No supe porque lo hice, pero comencé a cantar:
“Luna mamita, que me miras desde el cielo,
iluminando siempre mi sendero,
aunque sea de día te ruego,
le digas a Diosito ayude a Yolandita desde lejos,
Luna lunita, mamita preciosa”.
Gimoteando, Jorge salió de la habitación. Rafael lo miró con ojos vidriosos, pero lo dejó marchar sin resistencia alguna. La desgracia ama destruir a las personas, y lo estaba consiguiendo con esta familia, así como logró hacerlo con la mía. Besé la mano de Yolanda, luego, con delicadeza, la dejé sobre su abdomen más inflamado que nunca.

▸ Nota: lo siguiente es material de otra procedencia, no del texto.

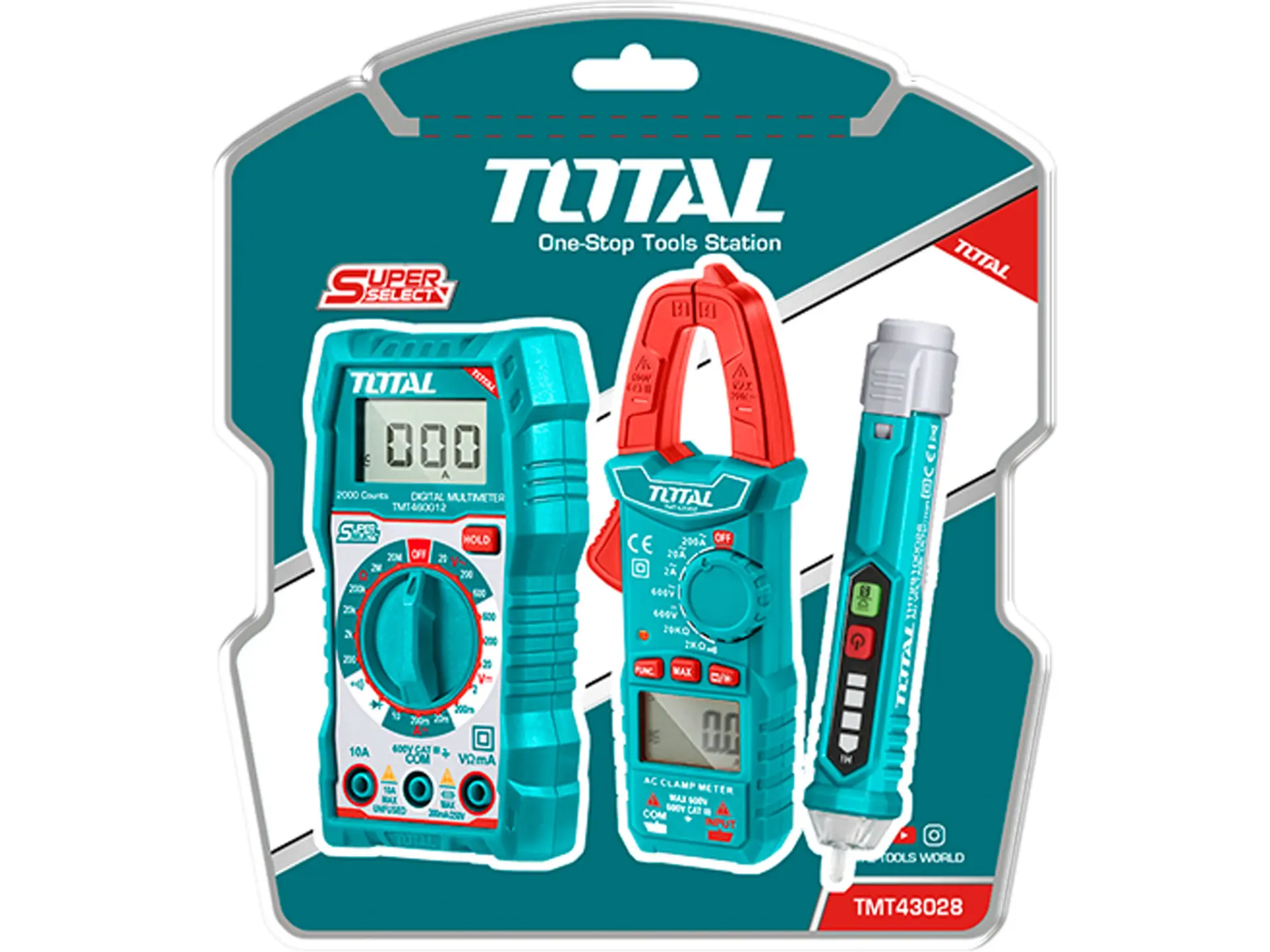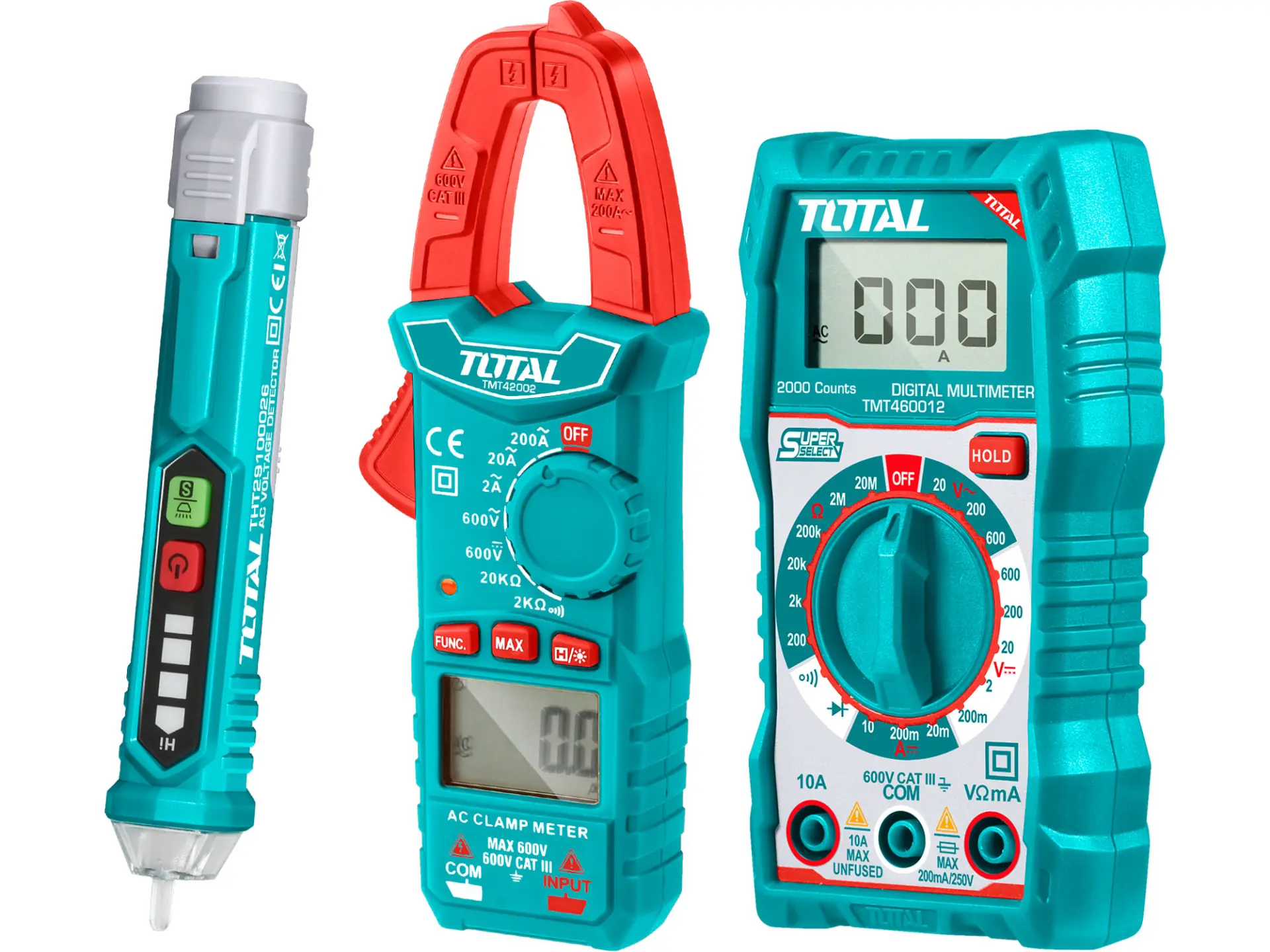 Sada digitálního multimetru, multimetru klešťového a zkoušečky AC napětí. Digitální multimetr kategorie CAT III má ochranu proti přetížení. Pracuje s maximálním napětím 600V. Vzorková frekvence je cca 3x/sec., automatická indikace polarity, pojistka F200 mA/ 250 V. Digitální klešťový multimetr je kategorie CAT III. Maximální napětí mezi svorkami a uzemněním je 600 V DC / 600 V AC. Max. zobrazená hodnota 6000. Ochrana proti přetížení.Zkoušečka AC napětí měří síťové napětí v rozsahu 12 - 1000 V. Frekvence je 50-60Hz. Zkoušečka disponuje světelnou a zvukovou signalizací, světlem, rozlišením nulového a živého vodiče, signalizací intenzity signálu a indikací nedostatečného napětí baterie.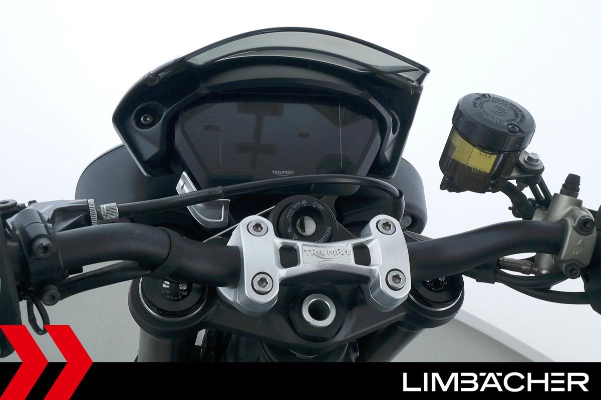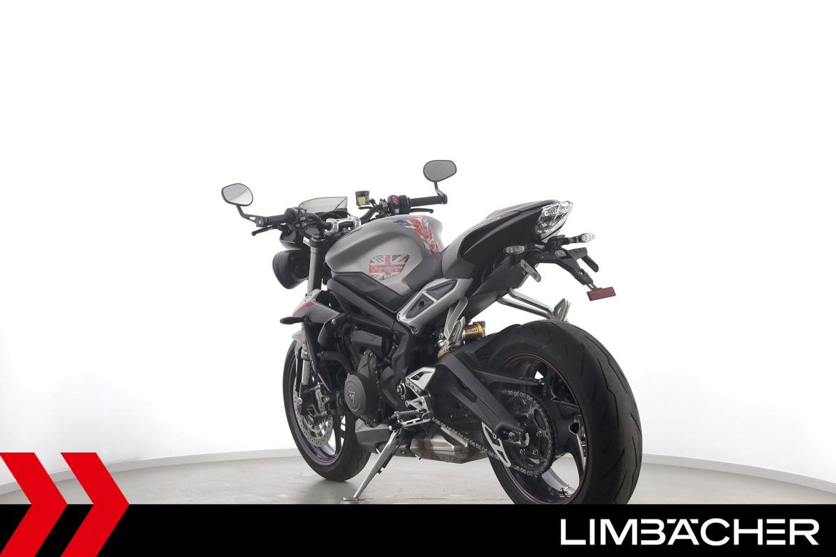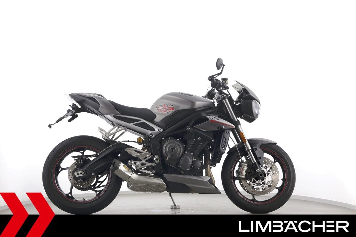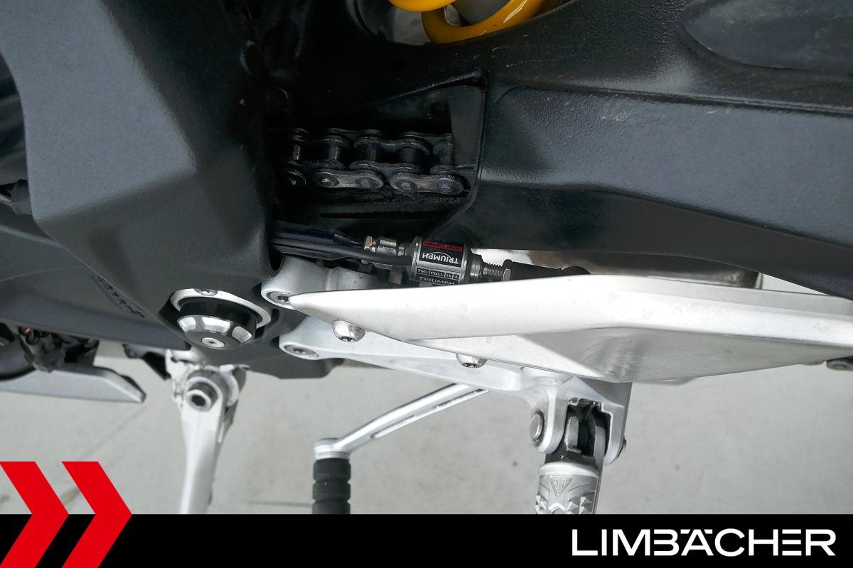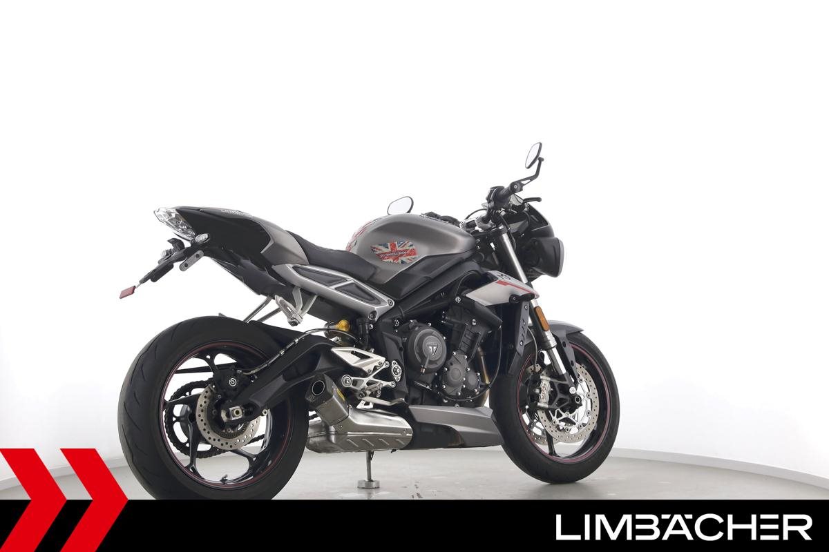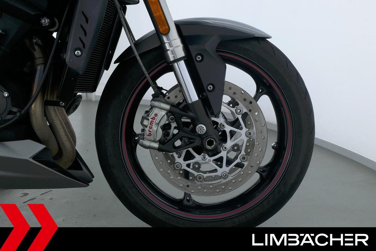 Eine scheckheftgepflegte Triumph Street Triple 765 RS in gepflegtem Zustand u.a. mit Arrow-Endschalldämpfer und Öhlins-Stoßdämpfer.

Salí en busca de mi amigo. Fui a su habitación, a la cocina y al corredor, hasta que lo encontré sentado en la acera, al lado del callejón que dividía nuestros hogares. Tenía la espalda recostada a la pared, los brazos rodeaban sus piernas recogidas con las rodillas a la altura de pecho, miraba algún punto fijo en el cielo, quizás una nube. Respiraba pausadamente tratando de controlarse.
Me senté a unos dos metros de él, respetando su espacio. Guardé silencio, porque es sagrado, y muchas veces decimos cosas que están de más. En ocasiones es innecesario decir algo para tratar de dar apoyo, es mejor hacer presencia y acompañar, es más valioso a recibir una palabra que, sin querer, puede terminar afectando más.